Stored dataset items
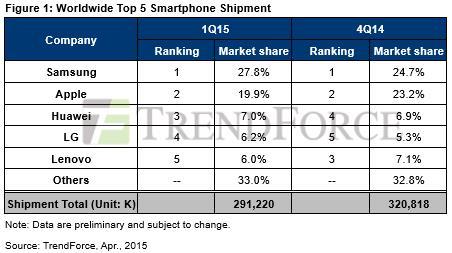 17일 디램익스체인지의 트렌드포스 보고서에 따르면 2015년 1분기 스마트폰 시장 점유율 순위는 삼성전자(27.8%), 애플(19.9%), 화웨이(7.0%), LG[003550](6.2%), 레노버(6.0%) 순으로 파악됐다.
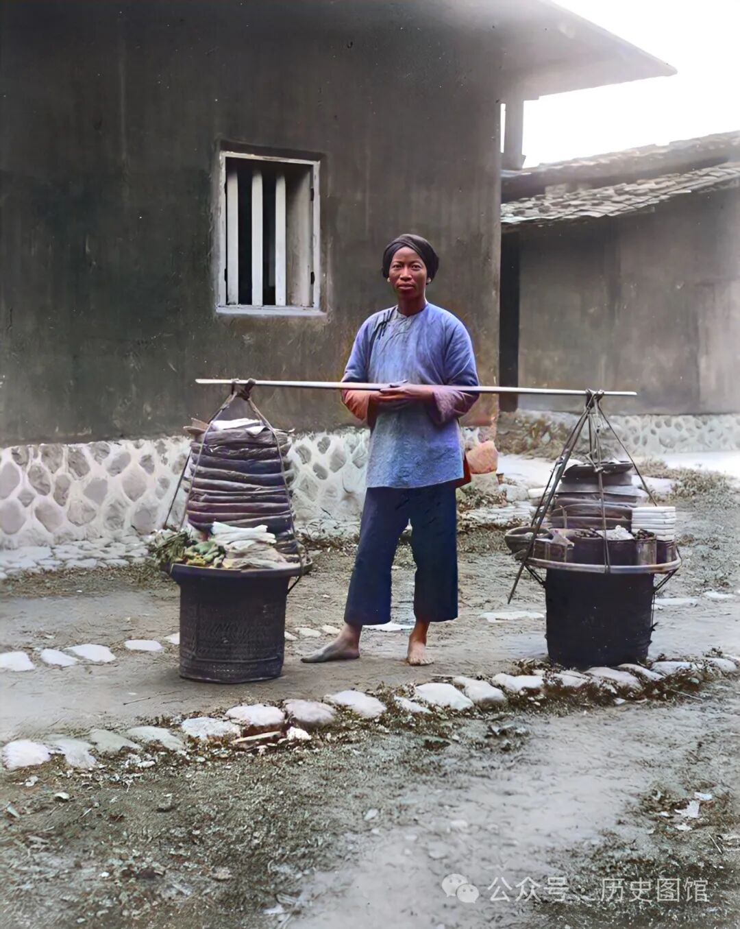 1906年,永春当地街头的一个流动小吃摊。男子光着脚,挑的扁担两头,装着很有当地特色的美食小吃。他走街串巷,沿路吆喝,只要有人想买,他随时停下来。摄影师为他拍下了这张照片。
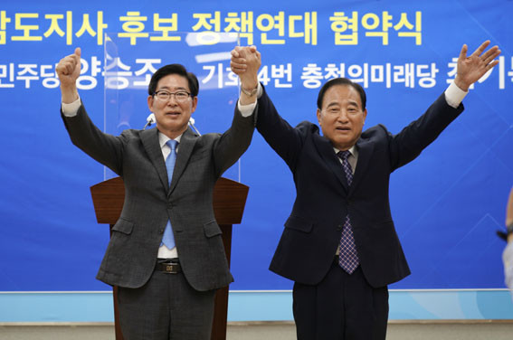 Ãֱ⺹ È帴 ¡®ÃæÃ»³²µµ µµÁö»ç Èĺ¸ Á¤Ã¥ ¿¬´ë ÇÕÀǹ®¡¯¿¡¼ ¡°¾ç Èĺ¸¿Í Á¤Ã¥°ø¾à ¿¬´ë¸¦ ÅëÇØ Ãæ³²µµ¹Î°ú ¾à¼ÓÇÑ ²ÞÀ» ½ÇÇöÇϰíÀÚ Èĺ¸Á÷À» »çÅðÇÏ°í ¾ç½ÂÁ¶ Èĺ¸ ÁöÁö¸¦ ¼±¾ðÇÑ´Ù¡±°í ¹àÇû´Ù.
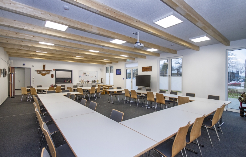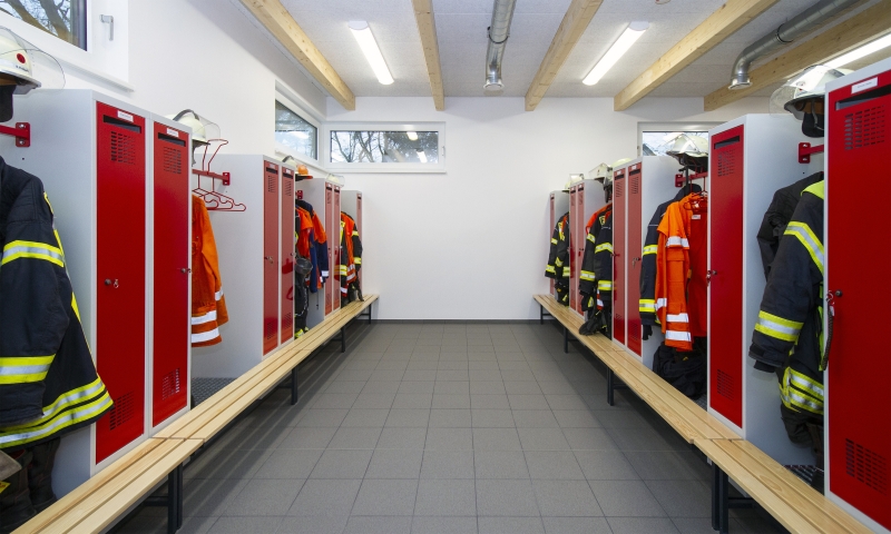Im Feuerwehrhaus sind ein Gruppenraum, ein Raum für die Jugendfeuerwehr, ein Büro und Umkleiden sowie Sanitärbereiche untergebracht. Das Thema „Sicherheit der Einsatzkräfte“ findet sich hier in Form der sogenannten Schwarz-Weiß-Trennung wieder. Damit ist eine Abgrenzung bezeichnet, die den privaten Umkleidebereich (weiß) vom Einsatzbereich (schwarz) trennt, wobei die Sanitärräume als Schleuse dienen. Damit wird zum einen gewährleistet, dass möglicherweise kontaminierte Dienstbekleidung nicht mit den privaten Kleidungsstücken in Kontakt kommt, zum anderen wird so ein klarer Laufweg vorgegeben, der verhindert, dass sich ankommende und ausschwärmende Einsatzkräfte in die Quere kommen.
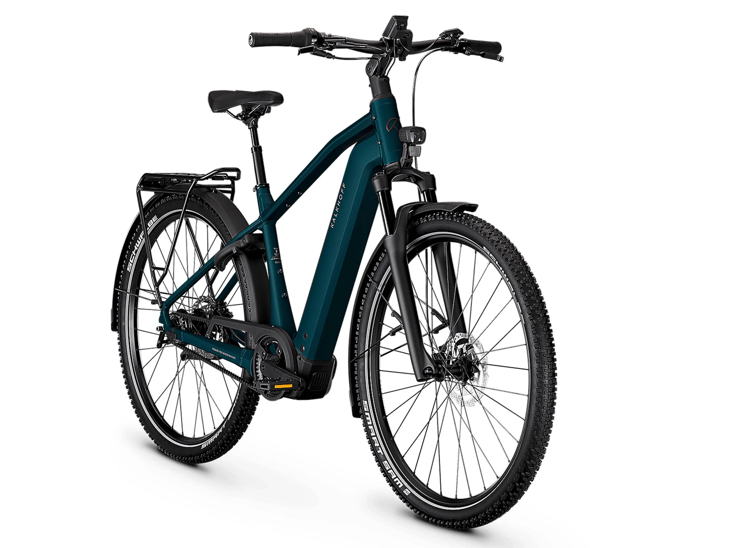 Genutzt wird der Performance Line CX-Motor von Bosch, welcher mit einem Drehmoment von bis zu 100 Nm aufwarten kann. Der Motor unterstützt wie hierzulande erlaubt bis zu einer Geschwindigkeit von 25 km/h und mit einer Nenndauerleistung von 250 Watt. Gespeist wird das Modell von einem Akku mit einer Kapazität von 600 Wh gespeist. Kalkhoff nutzt keine Kette, sondern ein im Prinzip wartungsfreien Carbonriemen von Gates in Kombination mit einer Nexus-Nabenschaltung von Shimano und mit fünf Gängen.
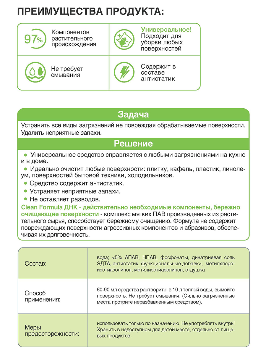 Clean Formula ДНК - действительно необходимые компоненты, бережно очищающие поверхности - комплекс мягких ПАВ произведенных из растительного сырья, способствует бережному очищению. Формула не содержит повреждающих поверхности агрессивных компонентов и абразивов, обеспечивая их долговечность.
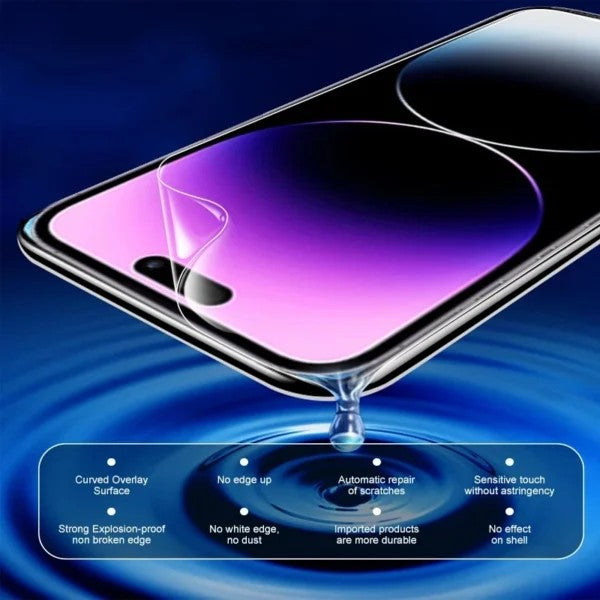 Heltäckande skärmskydd i hydrogel TPU för iPhone 14 som hjälper till att skydda skärmen mot repor, sprickor och vardagsslitage utan att störa känslan i displayen. Den tunna filmen är utformad för att ligga nära skärmen och minska upplevda kanter. Ytan är anti-fingeravtryck och HD-klassad med upp till 99% transparens för tydlig bild. Självläkande egenskaper gör att mindre repor kan minska över tid. Rengöringskit ingår för enklare montering och en ren applicering.
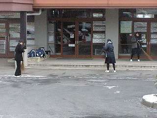 今日も雪払い☆吹奏楽部さんが朝の掃除(その1)
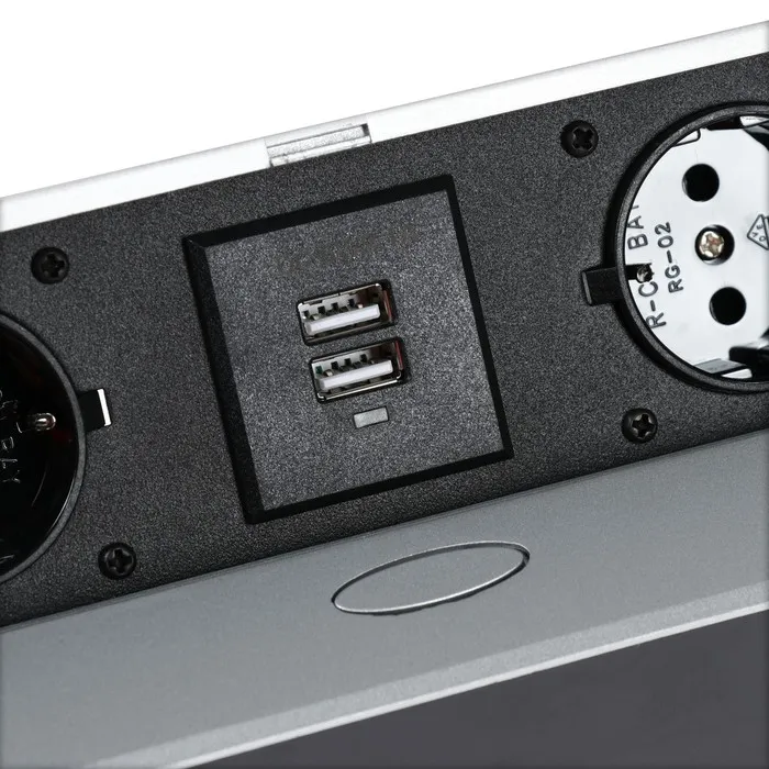 Розетка выдвижная Luazon Lighting, 16 А, двухместная, в стол, 2xUSB, 2.1 A, серебристая — Характеристики
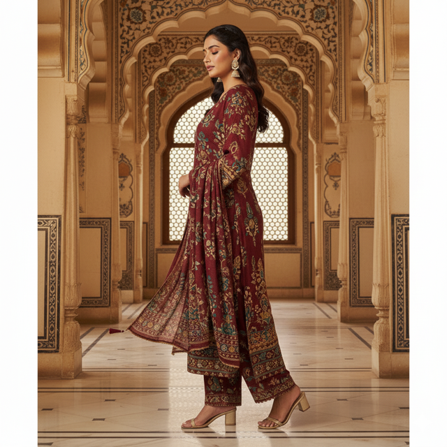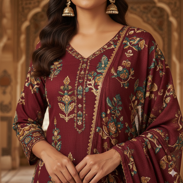 Cotton blend (200 GSM), digital print, kurta with pajama, matching dupatta. Made in India.
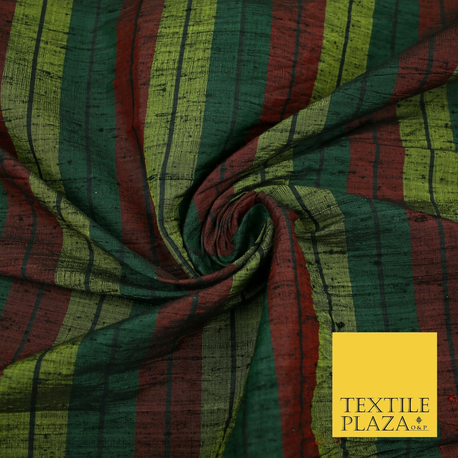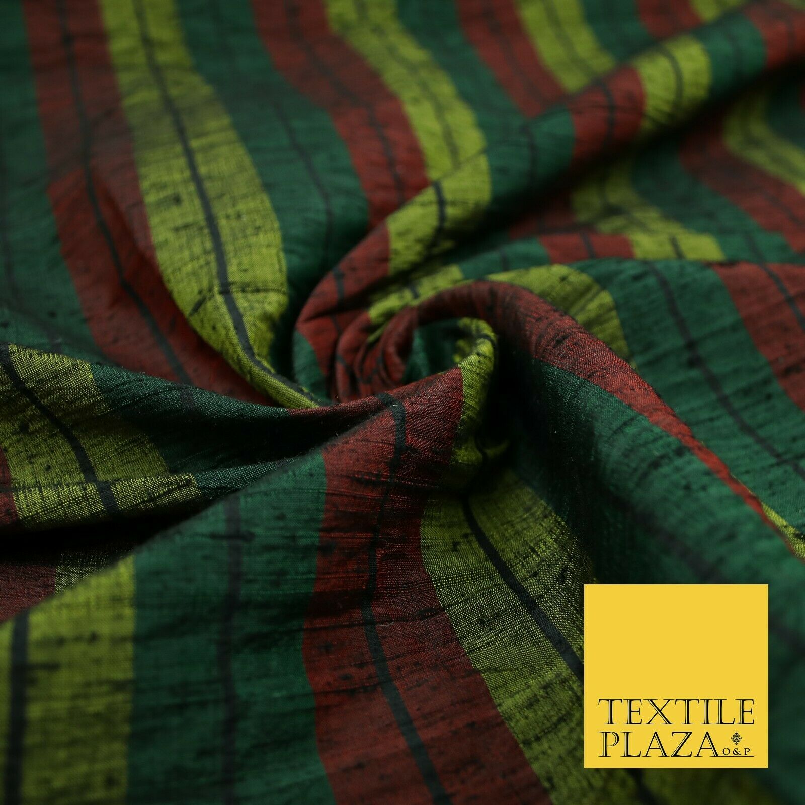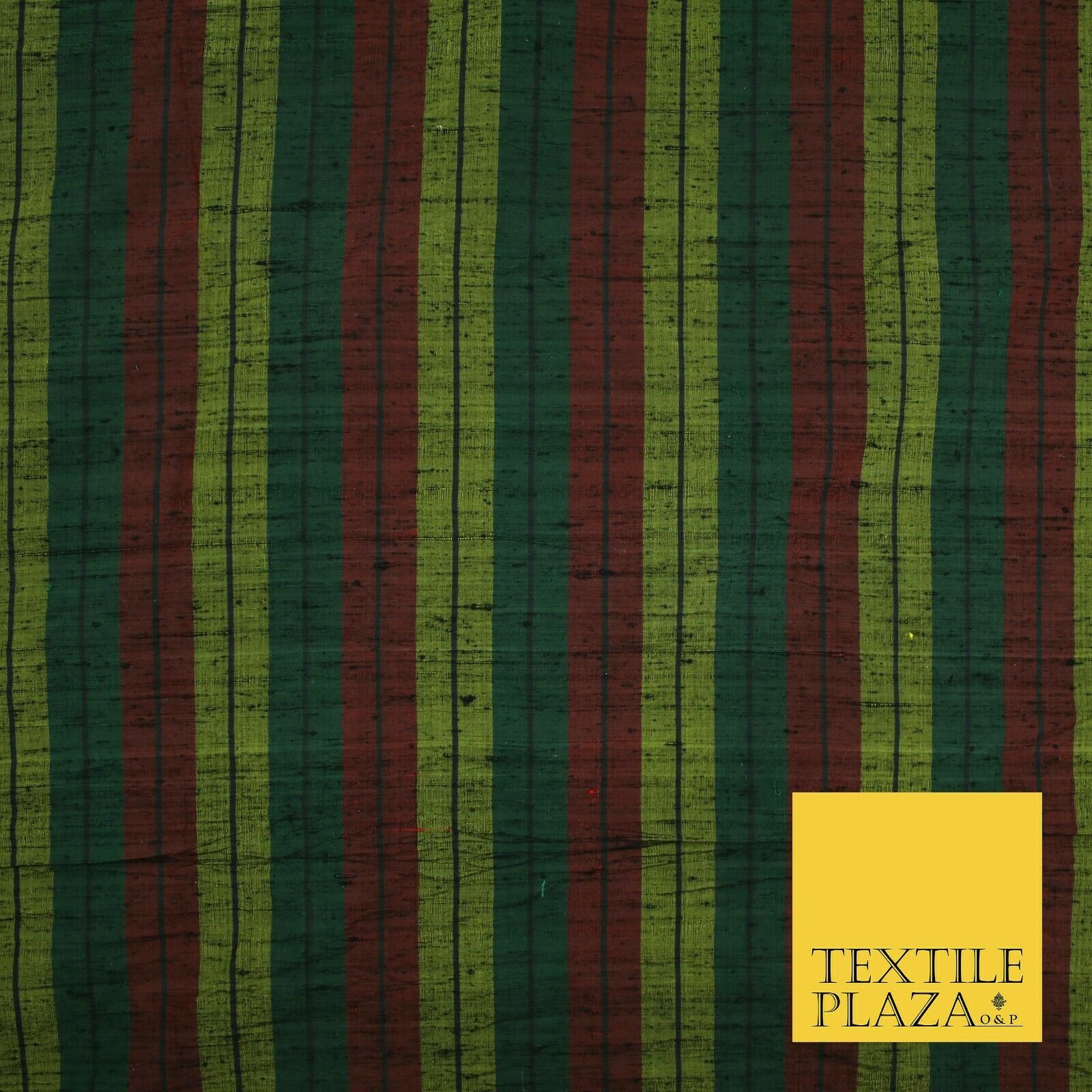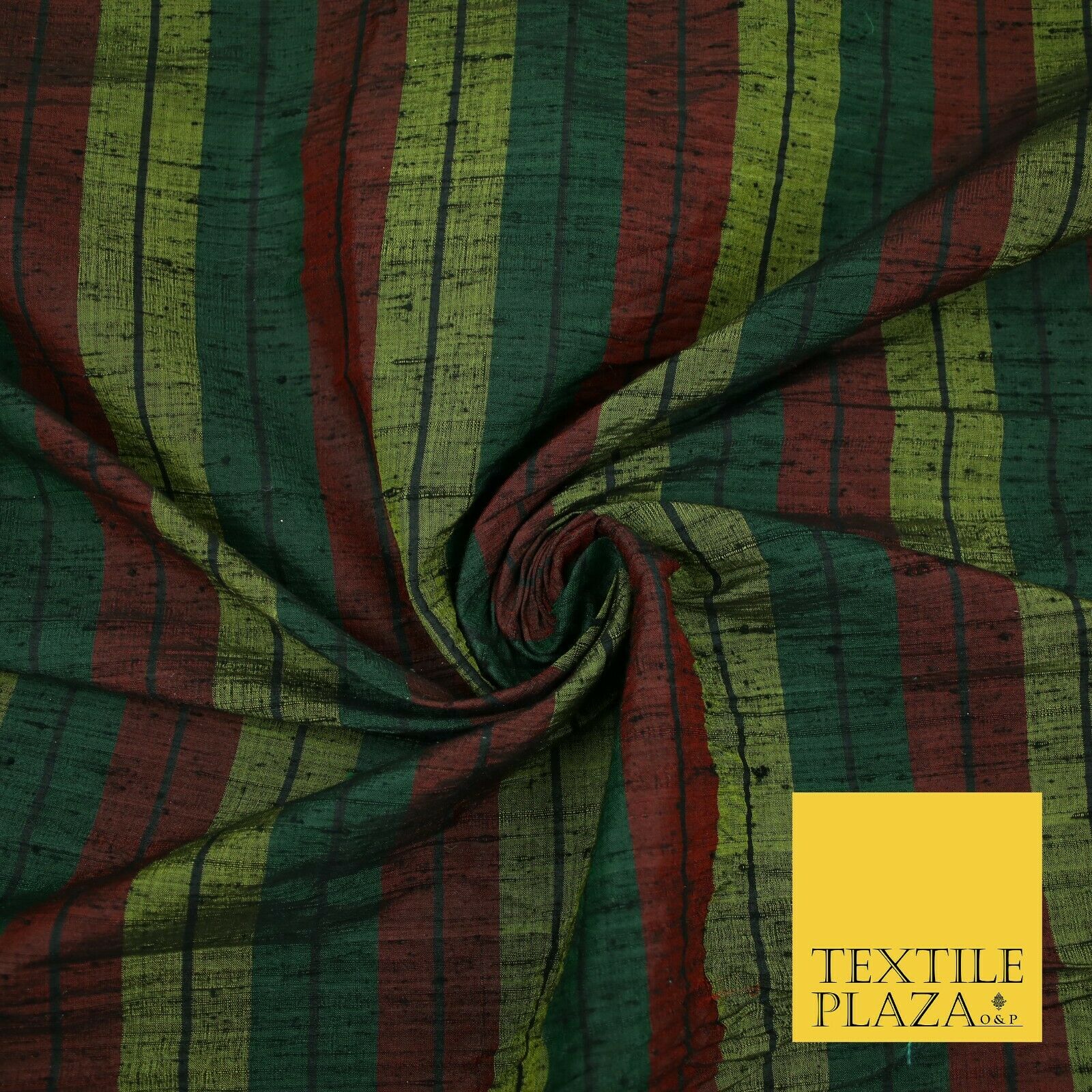 Black Olive Green Maroon Check Stripe Woven 100% PURE Dupion Raw Silk Fabric2485
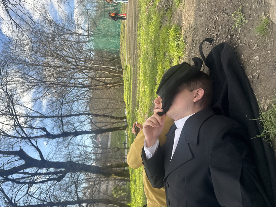 The image depicts an outdoor daytime scene in a public park within the city of Guimarães, Portugal. In the foreground, a male individual lies on his back on a black fabric (likely a traditional academic "capa") placed on dirt and sparse grass. He wears a black suit jacket over a white shirt. A black academic "capa" is draped over his head, obscuring his face from the eyes downward, with his right hand holding the fabric over his mouth and chin area. Partially visible to his left, another person lies on the ground, wearing yellow clothing. The midground features a dirt path and green grass, interspersed with numerous tall, bare deciduous trees, indicating a season like winter or early spring. In the far midground on the right, a tall green net structure is visible, behind which two distant figures stand near an orange cone. The background reveals a distant cityscape with buildings and additional trees on an elevated slope under a mostly clear blue sky with some white clouds.

THE PROBLEM
Output, line for line and exactly, the records above from their first line through the one with "Im Feuerwehrhaus sind", both ends included, but no pictures.

RESPONSE FOR THIS EXERCISE
 17일 디램익스체인지의 트렌드포스 보고서에 따르면 2015년 1분기 스마트폰 시장 점유율 순위는 삼성전자(27.8%), 애플(19.9%), 화웨이(7.0%), LG[003550](6.2%), 레노버(6.0%) 순으로 파악됐다.
 1906年,永春当地街头的一个流动小吃摊。男子光着脚,挑的扁担两头,装着很有当地特色的美食小吃。他走街串巷,沿路吆喝,只要有人想买,他随时停下来。摄影师为他拍下了这张照片。
 Ãֱ⺹ È帴 ¡®ÃæÃ»³²µµ µµÁö»ç Èĺ¸ Á¤Ã¥ ¿¬´ë ÇÕÀǹ®¡¯¿¡¼ ¡°¾ç Èĺ¸¿Í Á¤Ã¥°ø¾à ¿¬´ë¸¦ ÅëÇØ Ãæ³²µµ¹Î°ú ¾à¼ÓÇÑ ²ÞÀ» ½ÇÇöÇϰíÀÚ Èĺ¸Á÷À» »çÅðÇÏ°í ¾ç½ÂÁ¶ Èĺ¸ ÁöÁö¸¦ ¼±¾ðÇÑ´Ù¡±°í ¹àÇû´Ù.
Im Feuerwehrhaus sind ein Gruppenraum, ein Raum für die Jugendfeuerwehr, ein Büro und Umkleiden sowie Sanitärbereiche untergebracht. Das Thema „Sicherheit der Einsatzkräfte“ findet sich hier in Form der sogenannten Schwarz-Weiß-Trennung wieder. Damit ist eine Abgrenzung bezeichnet, die den privaten Umkleidebereich (weiß) vom Einsatzbereich (schwarz) trennt, wobei die Sanitärräume als Schleuse dienen. Damit wird zum einen gewährleistet, dass möglicherweise kontaminierte Dienstbekleidung nicht mit den privaten Kleidungsstücken in Kontakt kommt, zum anderen wird so ein klarer Laufweg vorgegeben, der verhindert, dass sich ankommende und ausschwärmende Einsatzkräfte in die Quere kommen.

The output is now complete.